Line height: 1.5x. Directly at the optimal value identified by Rello, Pielot, and Marcos. Not 1.2x (too tight), not 1.8x (too loose).

Text color: off-black. Not #000000. The editor uses a dark gray that meets WCAG AAA standards while reducing the overstimulation of maximum contrast during sustained writing sessions.

Collapsible toolbar. The toolbar hides with one click, leaving formatting accessible through keyboard shortcuts, slash commands, and a bubble menu that appears on text selection — the same three-layer pattern used by iA Writer, Notion, and Dropbox Paper. When you want a clean writing surface, the chrome gets out of the way.
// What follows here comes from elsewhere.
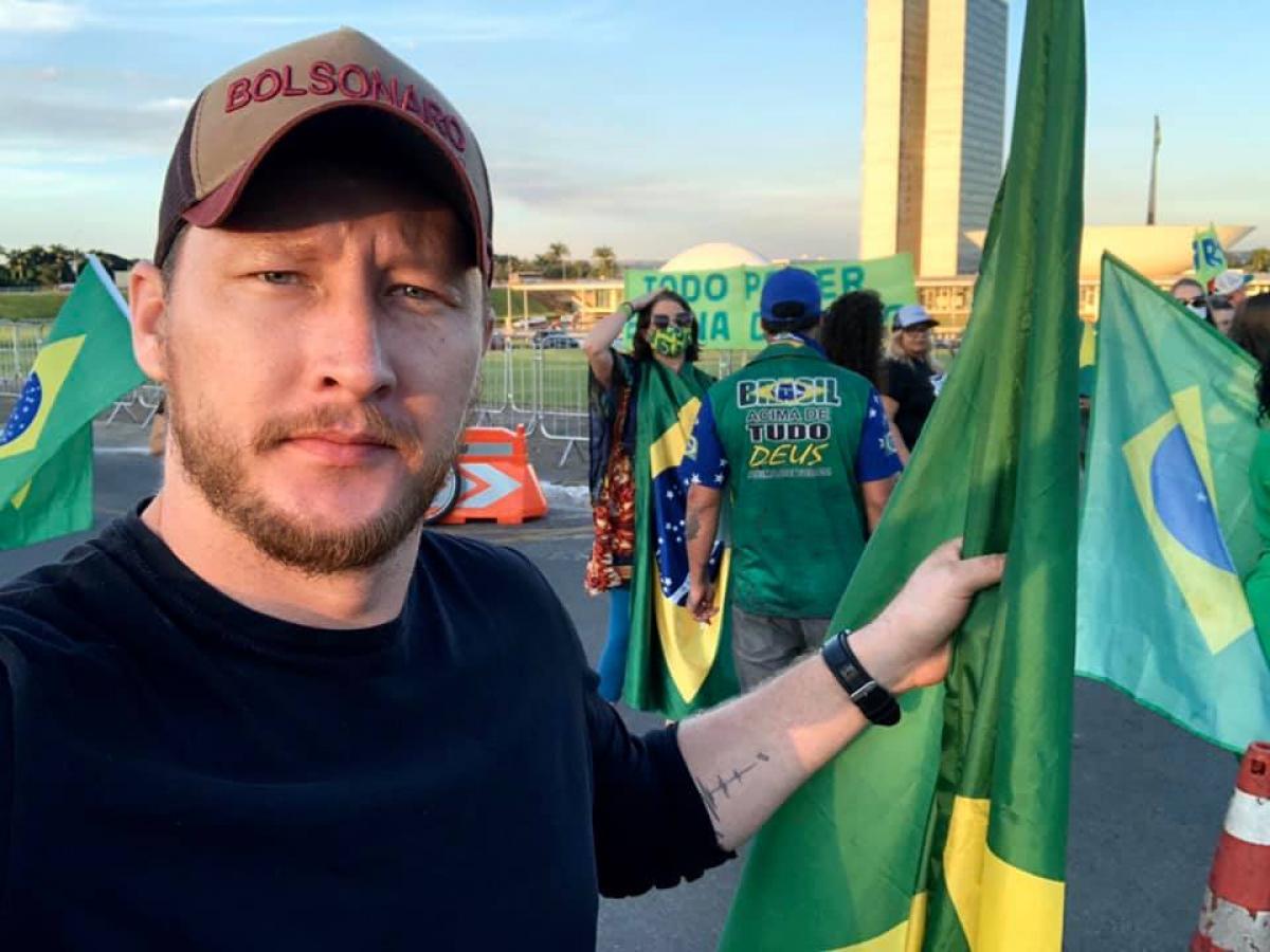 Ele compareceu voluntariamente na tarde de quarta-feira à sede da Polícia Federal em Cuiabá para "prestar esclarecimentos". Usava boné com o nome do presidente, camiseta amarela com os dizeres "Supremo é o povo" e carregava uma bandeira do Brasil.

Caret-color theming. The text cursor uses a branded color rather than the browser default black. Combined with custom ::selection colors and -webkit-font-smoothing: antialiased, these are one-line CSS changes that shift the editor from "default browser textarea" to "someone made decisions here."
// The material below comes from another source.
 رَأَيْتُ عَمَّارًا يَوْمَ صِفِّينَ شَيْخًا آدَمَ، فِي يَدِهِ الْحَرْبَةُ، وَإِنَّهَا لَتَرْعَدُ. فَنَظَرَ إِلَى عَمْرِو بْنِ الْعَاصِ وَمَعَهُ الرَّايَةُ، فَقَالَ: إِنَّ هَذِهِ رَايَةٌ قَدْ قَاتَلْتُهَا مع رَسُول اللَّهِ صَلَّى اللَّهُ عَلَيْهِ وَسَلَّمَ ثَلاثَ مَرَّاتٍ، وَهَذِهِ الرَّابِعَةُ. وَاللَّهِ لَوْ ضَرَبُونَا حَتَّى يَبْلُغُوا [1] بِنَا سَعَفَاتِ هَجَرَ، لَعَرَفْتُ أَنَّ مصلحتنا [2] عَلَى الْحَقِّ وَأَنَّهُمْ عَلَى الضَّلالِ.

None of these show up on a feature comparison spreadsheet. But they determine how your team experiences component reuse, conditional content, and publishing — because every feature is used through the writing surface.

Frequently Asked Questions

What is the ideal line length for a content editor?

Research converges on 55 to 66 characters per line (Dyson and Haselgrove 2001, Bringhurst). In CSS: max-width: 65ch. The Baymard Institute found text wider than 80 CPL was skipped 41 percent more often than text in the 60 to 70 range.

Does font size affect writing quality?

Yes — through comprehension and fixation duration. Rello, Pielot, and Marcos (2016) measured significant improvement at 18 points and above. For writers who compose and proofread in the same session, the difference between 14px and 18px is functional, not cosmetic.

Is dark mode worse for proofreading?

Piepenbrock, Mayr, and Buchner (2013) found a clear positive polarity advantage: dark text on light backgrounds produced better proofreading accuracy. Halation — bright letterforms glowing into dark backgrounds — worsens this for the roughly 47 percent of people with some astigmatism. If you proofread in dark mode, use off-white on dark gray, not #FFF on #000.

Should documentation editors use serif or sans-serif fonts?

On modern screens, it matters less than x-height, letter spacing, weight, and contrast. Bernard and colleagues (2002) found no significant speed or comprehension difference between the two. For accessibility, sans-serif fonts with large x-heights perform better for low-vision users (meta-analysis of 18 studies, 1,500+ subjects, Journal of Visual Impairment and Blindness).

Can you fix bad editor typography with custom CSS?

Partially. You can override font size, line height, and content width with a user stylesheet. You cannot fix input latency, menu architecture, or the interaction between text rendering and the editor's framework. Typography is the visible layer, but it sits on architectural decisions — like whether the tool uses docs-as-code or a structured editor — that CSS cannot reach.